***** Records shown *****

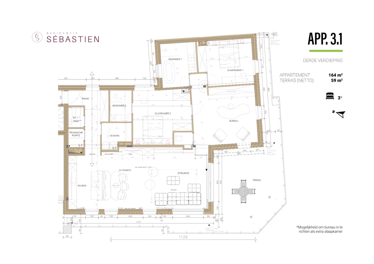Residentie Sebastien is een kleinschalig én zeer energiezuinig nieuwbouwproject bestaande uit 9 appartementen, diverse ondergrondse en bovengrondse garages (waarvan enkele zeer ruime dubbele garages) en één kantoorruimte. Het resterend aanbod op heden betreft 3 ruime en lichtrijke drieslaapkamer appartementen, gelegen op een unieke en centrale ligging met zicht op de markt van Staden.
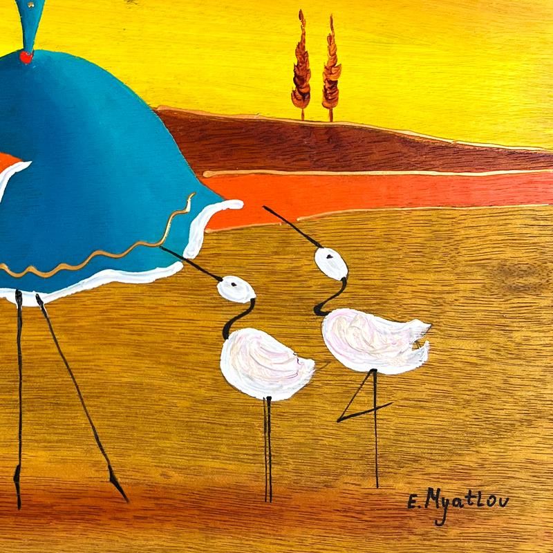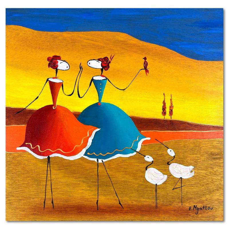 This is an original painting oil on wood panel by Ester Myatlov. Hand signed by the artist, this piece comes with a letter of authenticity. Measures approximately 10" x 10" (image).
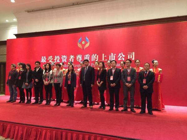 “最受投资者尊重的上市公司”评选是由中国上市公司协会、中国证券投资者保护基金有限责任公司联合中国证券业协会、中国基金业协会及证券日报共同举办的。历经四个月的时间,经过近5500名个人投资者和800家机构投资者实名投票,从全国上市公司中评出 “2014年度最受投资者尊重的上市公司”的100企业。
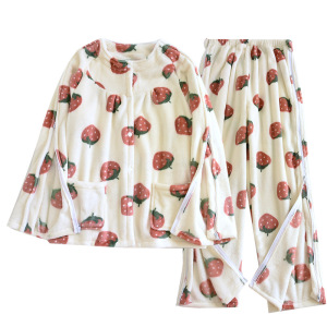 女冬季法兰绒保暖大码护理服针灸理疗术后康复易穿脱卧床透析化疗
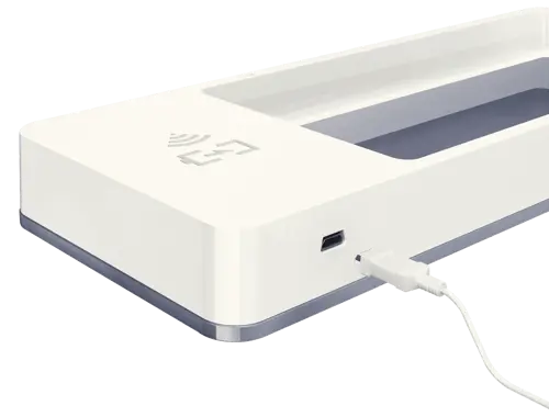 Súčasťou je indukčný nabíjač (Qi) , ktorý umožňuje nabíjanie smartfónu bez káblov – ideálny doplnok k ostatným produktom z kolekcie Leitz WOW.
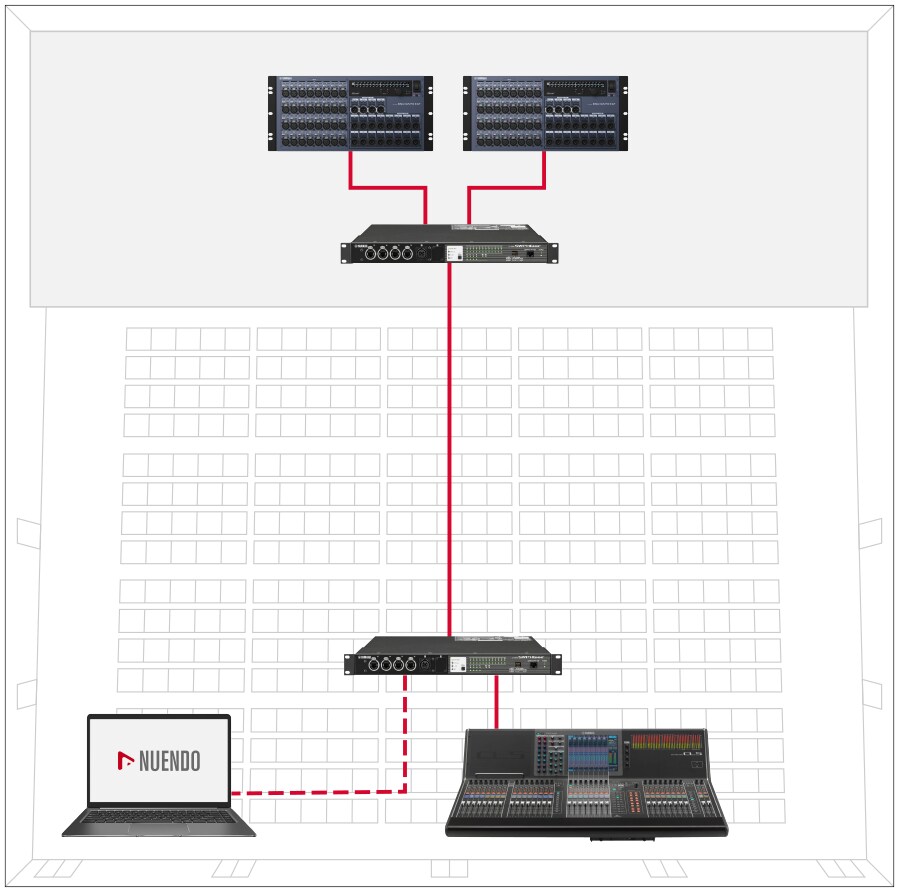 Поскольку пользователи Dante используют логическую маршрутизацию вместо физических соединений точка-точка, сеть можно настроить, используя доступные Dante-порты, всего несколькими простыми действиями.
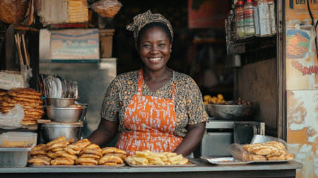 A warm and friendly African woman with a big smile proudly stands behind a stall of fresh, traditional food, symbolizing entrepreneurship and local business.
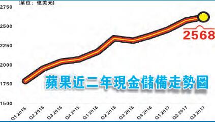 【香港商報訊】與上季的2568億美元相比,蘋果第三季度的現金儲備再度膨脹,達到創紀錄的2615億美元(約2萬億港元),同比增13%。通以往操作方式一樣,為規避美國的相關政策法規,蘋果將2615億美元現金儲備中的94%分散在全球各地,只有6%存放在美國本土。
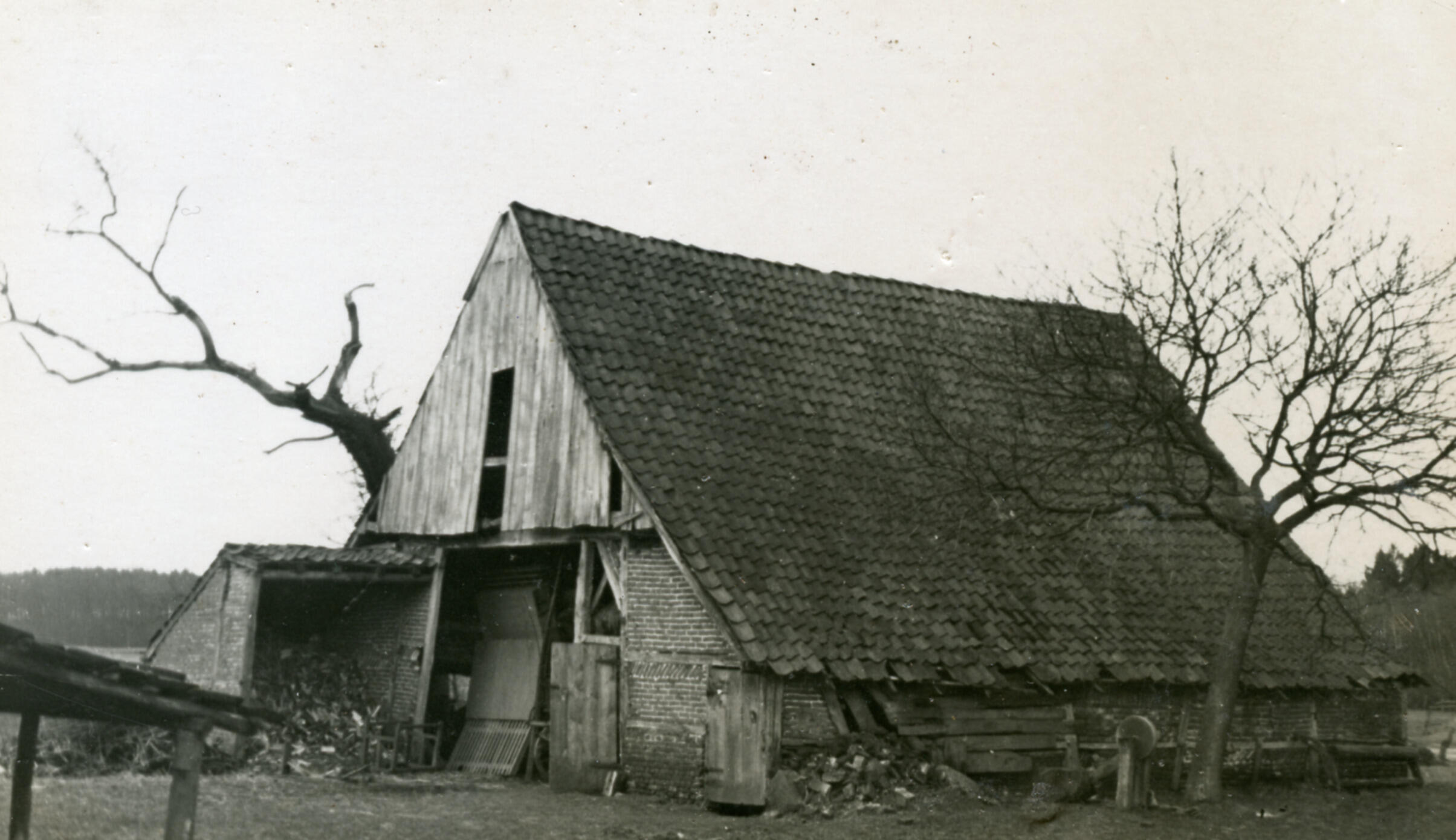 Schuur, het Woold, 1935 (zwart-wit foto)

*****
***** Records shown *****

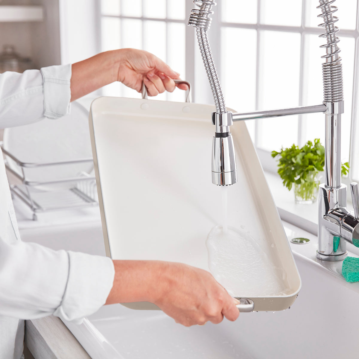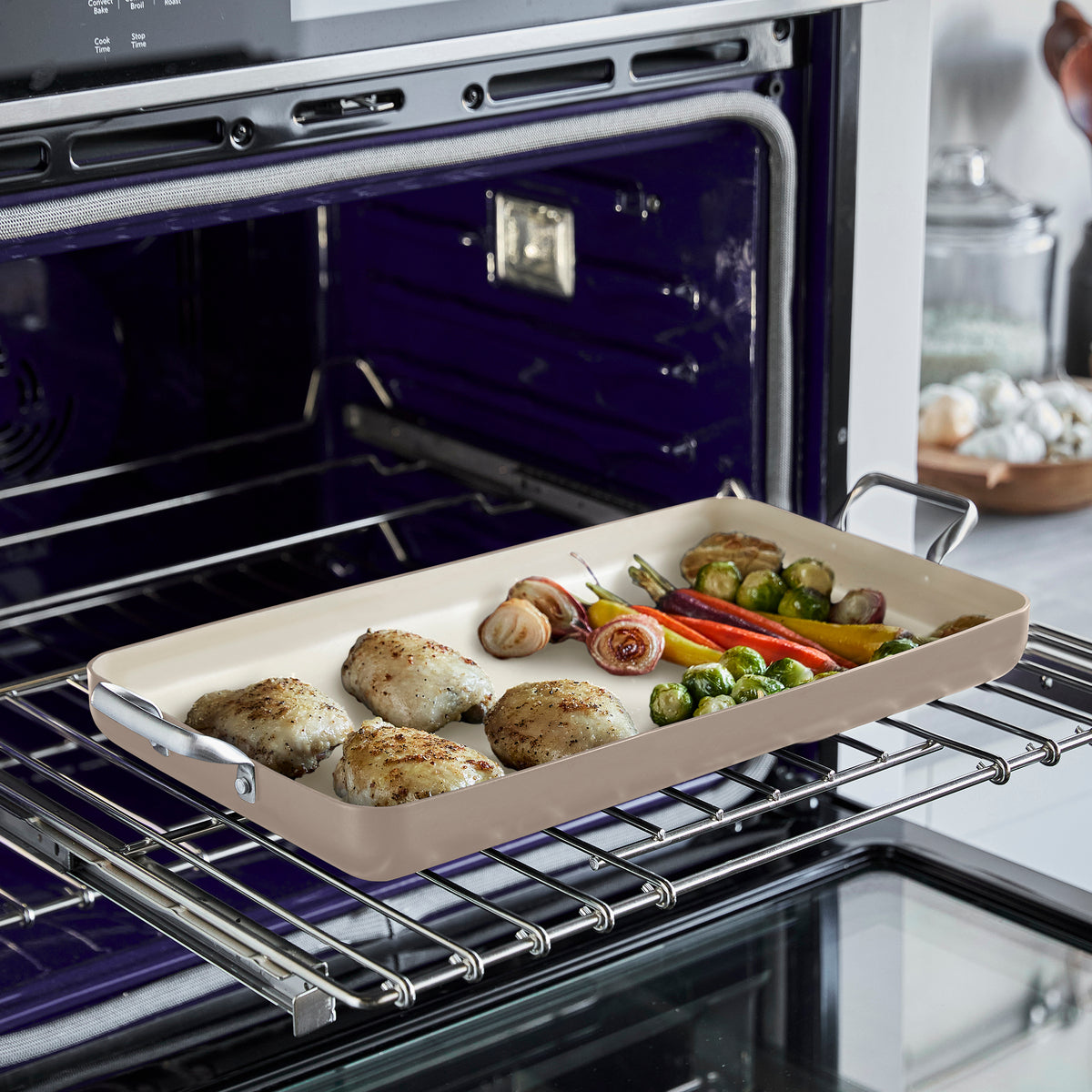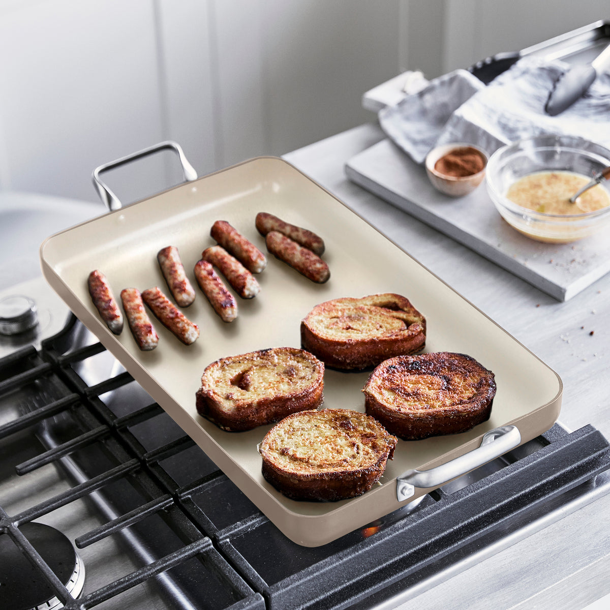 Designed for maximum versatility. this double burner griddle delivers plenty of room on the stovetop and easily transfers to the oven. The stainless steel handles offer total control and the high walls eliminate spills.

*****
***** Records shown *****

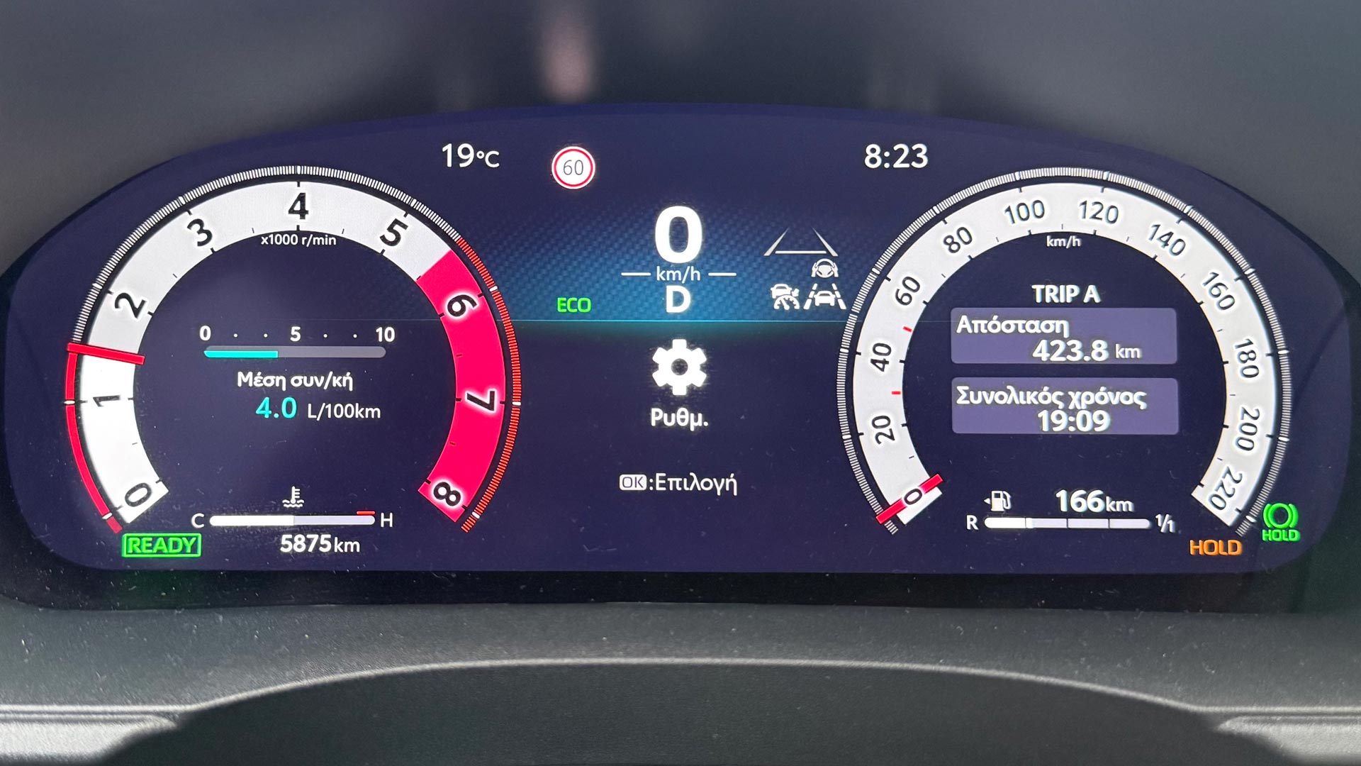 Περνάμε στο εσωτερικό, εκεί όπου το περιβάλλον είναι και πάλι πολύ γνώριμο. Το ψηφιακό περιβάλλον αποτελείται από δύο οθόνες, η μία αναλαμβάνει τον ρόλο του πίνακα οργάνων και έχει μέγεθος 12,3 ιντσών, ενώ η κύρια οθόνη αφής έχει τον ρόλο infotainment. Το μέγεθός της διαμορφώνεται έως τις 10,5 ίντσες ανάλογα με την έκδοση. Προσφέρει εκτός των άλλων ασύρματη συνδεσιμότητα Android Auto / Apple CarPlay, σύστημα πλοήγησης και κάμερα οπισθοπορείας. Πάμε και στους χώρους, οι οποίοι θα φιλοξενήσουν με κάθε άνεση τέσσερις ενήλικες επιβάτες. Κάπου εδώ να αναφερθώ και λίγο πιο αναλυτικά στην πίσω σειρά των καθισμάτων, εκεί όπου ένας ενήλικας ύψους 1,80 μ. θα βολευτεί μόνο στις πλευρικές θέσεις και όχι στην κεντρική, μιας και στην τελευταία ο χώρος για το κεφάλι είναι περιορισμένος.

*****

▶ **Assigned task**
A word-for-word reproduction is needed of the lines above from the line containing "Súčasťou je indukčný" through the line containing "Schuur, het Woold, 1935 (zwart-wit foto)", with both ends kept and no pictures.

▶ **Exercise solution**
 Súčasťou je indukčný nabíjač (Qi) , ktorý umožňuje nabíjanie smartfónu bez káblov – ideálny doplnok k ostatným produktom z kolekcie Leitz WOW.
 Поскольку пользователи Dante используют логическую маршрутизацию вместо физических соединений точка-точка, сеть можно настроить, используя доступные Dante-порты, всего несколькими простыми действиями.
 A warm and friendly African woman with a big smile proudly stands behind a stall of fresh, traditional food, symbolizing entrepreneurship and local business.
 【香港商報訊】與上季的2568億美元相比,蘋果第三季度的現金儲備再度膨脹,達到創紀錄的2615億美元(約2萬億港元),同比增13%。通以往操作方式一樣,為規避美國的相關政策法規,蘋果將2615億美元現金儲備中的94%分散在全球各地,只有6%存放在美國本土。
 Schuur, het Woold, 1935 (zwart-wit foto)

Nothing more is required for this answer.